▶ **Exercise**
In the listing below, find the line holding "Boot Storage Organizer:Transform" and the line holding "1.甲方为提高质量管理水平,建立健全质量". Write out those two lines and all lines between, exactly, and nothing more.

▶ **Task input**
---------------

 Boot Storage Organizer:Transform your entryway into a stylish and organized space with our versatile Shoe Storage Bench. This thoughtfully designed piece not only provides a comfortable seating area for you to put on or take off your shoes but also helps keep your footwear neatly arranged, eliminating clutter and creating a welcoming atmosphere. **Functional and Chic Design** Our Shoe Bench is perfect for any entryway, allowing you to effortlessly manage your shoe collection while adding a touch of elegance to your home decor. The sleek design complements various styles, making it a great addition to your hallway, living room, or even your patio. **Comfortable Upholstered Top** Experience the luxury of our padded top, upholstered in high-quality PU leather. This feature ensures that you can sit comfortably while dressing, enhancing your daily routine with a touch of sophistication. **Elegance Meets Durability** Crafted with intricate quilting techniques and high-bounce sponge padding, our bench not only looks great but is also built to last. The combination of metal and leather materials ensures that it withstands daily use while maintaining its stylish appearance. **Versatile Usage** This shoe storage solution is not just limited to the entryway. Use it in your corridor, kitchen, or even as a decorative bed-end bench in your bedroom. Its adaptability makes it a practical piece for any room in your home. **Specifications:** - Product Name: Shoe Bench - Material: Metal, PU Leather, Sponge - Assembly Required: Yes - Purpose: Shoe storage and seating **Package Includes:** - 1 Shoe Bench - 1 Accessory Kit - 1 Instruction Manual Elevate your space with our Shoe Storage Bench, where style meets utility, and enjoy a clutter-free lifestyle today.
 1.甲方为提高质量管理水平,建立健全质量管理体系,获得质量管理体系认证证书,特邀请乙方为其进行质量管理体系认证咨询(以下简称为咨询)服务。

---------------

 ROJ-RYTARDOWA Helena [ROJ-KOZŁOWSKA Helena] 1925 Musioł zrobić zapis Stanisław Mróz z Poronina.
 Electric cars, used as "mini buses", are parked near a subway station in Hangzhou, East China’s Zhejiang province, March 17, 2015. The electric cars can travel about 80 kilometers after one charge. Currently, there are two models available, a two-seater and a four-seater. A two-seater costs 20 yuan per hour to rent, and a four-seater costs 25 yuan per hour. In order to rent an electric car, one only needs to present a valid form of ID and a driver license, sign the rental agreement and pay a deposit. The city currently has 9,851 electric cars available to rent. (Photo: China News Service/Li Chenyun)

---------------

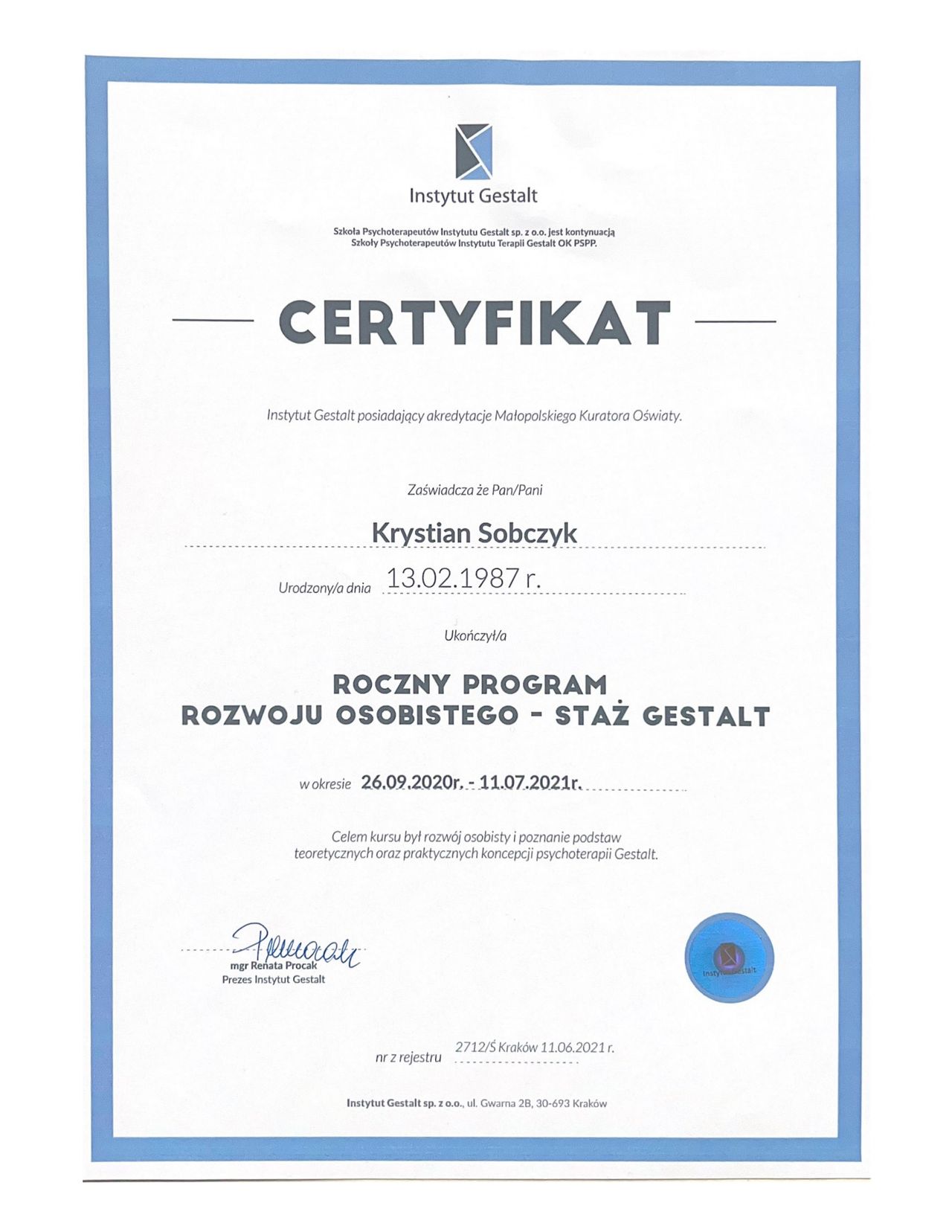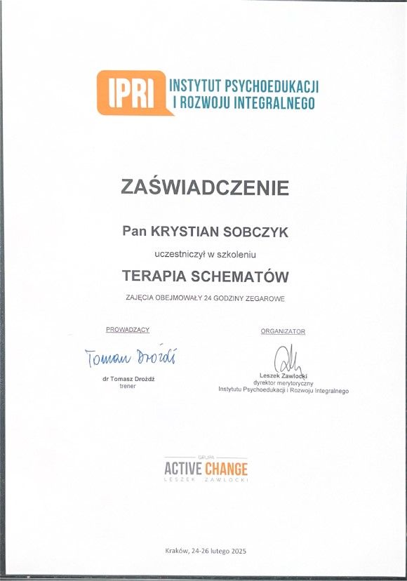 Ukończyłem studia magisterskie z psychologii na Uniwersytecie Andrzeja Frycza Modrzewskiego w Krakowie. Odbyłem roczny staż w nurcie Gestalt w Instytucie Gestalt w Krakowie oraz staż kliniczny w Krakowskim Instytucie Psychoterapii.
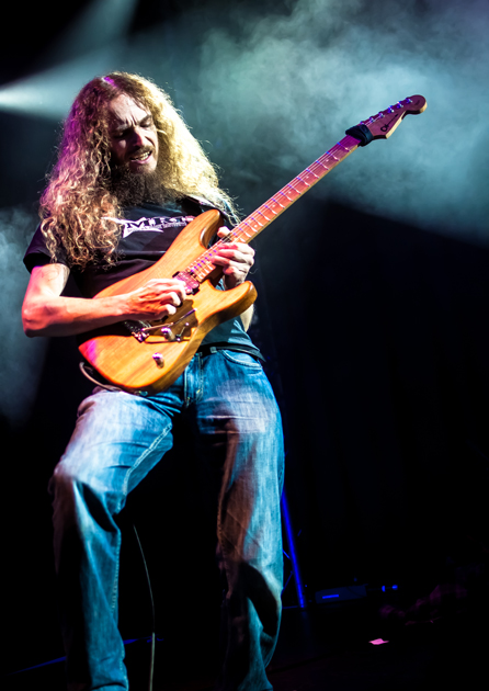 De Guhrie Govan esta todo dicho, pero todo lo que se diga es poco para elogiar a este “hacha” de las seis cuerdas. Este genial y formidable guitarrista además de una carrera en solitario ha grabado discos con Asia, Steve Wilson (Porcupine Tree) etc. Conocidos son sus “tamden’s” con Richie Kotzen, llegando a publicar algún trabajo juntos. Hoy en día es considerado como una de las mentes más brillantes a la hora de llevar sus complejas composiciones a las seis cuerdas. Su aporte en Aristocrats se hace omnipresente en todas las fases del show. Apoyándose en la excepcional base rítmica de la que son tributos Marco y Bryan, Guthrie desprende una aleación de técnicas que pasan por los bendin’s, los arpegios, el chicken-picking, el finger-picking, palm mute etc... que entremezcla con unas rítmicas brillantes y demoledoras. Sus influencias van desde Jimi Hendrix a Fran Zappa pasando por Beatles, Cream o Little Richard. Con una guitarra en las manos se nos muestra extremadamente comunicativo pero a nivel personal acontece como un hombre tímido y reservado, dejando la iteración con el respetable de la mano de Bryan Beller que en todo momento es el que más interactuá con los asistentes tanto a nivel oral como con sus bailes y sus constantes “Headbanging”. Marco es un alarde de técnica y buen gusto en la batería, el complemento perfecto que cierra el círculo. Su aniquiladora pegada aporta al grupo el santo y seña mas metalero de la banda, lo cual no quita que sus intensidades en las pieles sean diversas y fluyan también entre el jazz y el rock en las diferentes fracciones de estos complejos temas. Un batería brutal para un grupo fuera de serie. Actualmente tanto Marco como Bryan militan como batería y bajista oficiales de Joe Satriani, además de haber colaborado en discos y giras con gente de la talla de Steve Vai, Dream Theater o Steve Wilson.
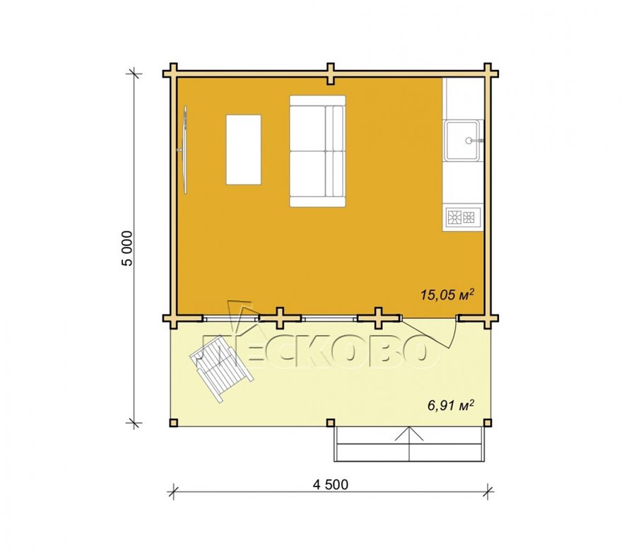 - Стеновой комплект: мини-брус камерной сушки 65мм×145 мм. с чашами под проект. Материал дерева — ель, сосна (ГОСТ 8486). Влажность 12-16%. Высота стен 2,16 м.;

---------------

▶ **Output for this task**
 Boot Storage Organizer:Transform your entryway into a stylish and organized space with our versatile Shoe Storage Bench. This thoughtfully designed piece not only provides a comfortable seating area for you to put on or take off your shoes but also helps keep your footwear neatly arranged, eliminating clutter and creating a welcoming atmosphere. **Functional and Chic Design** Our Shoe Bench is perfect for any entryway, allowing you to effortlessly manage your shoe collection while adding a touch of elegance to your home decor. The sleek design complements various styles, making it a great addition to your hallway, living room, or even your patio. **Comfortable Upholstered Top** Experience the luxury of our padded top, upholstered in high-quality PU leather. This feature ensures that you can sit comfortably while dressing, enhancing your daily routine with a touch of sophistication. **Elegance Meets Durability** Crafted with intricate quilting techniques and high-bounce sponge padding, our bench not only looks great but is also built to last. The combination of metal and leather materials ensures that it withstands daily use while maintaining its stylish appearance. **Versatile Usage** This shoe storage solution is not just limited to the entryway. Use it in your corridor, kitchen, or even as a decorative bed-end bench in your bedroom. Its adaptability makes it a practical piece for any room in your home. **Specifications:** - Product Name: Shoe Bench - Material: Metal, PU Leather, Sponge - Assembly Required: Yes - Purpose: Shoe storage and seating **Package Includes:** - 1 Shoe Bench - 1 Accessory Kit - 1 Instruction Manual Elevate your space with our Shoe Storage Bench, where style meets utility, and enjoy a clutter-free lifestyle today.
 1.甲方为提高质量管理水平,建立健全质量管理体系,获得质量管理体系认证证书,特邀请乙方为其进行质量管理体系认证咨询(以下简称为咨询)服务。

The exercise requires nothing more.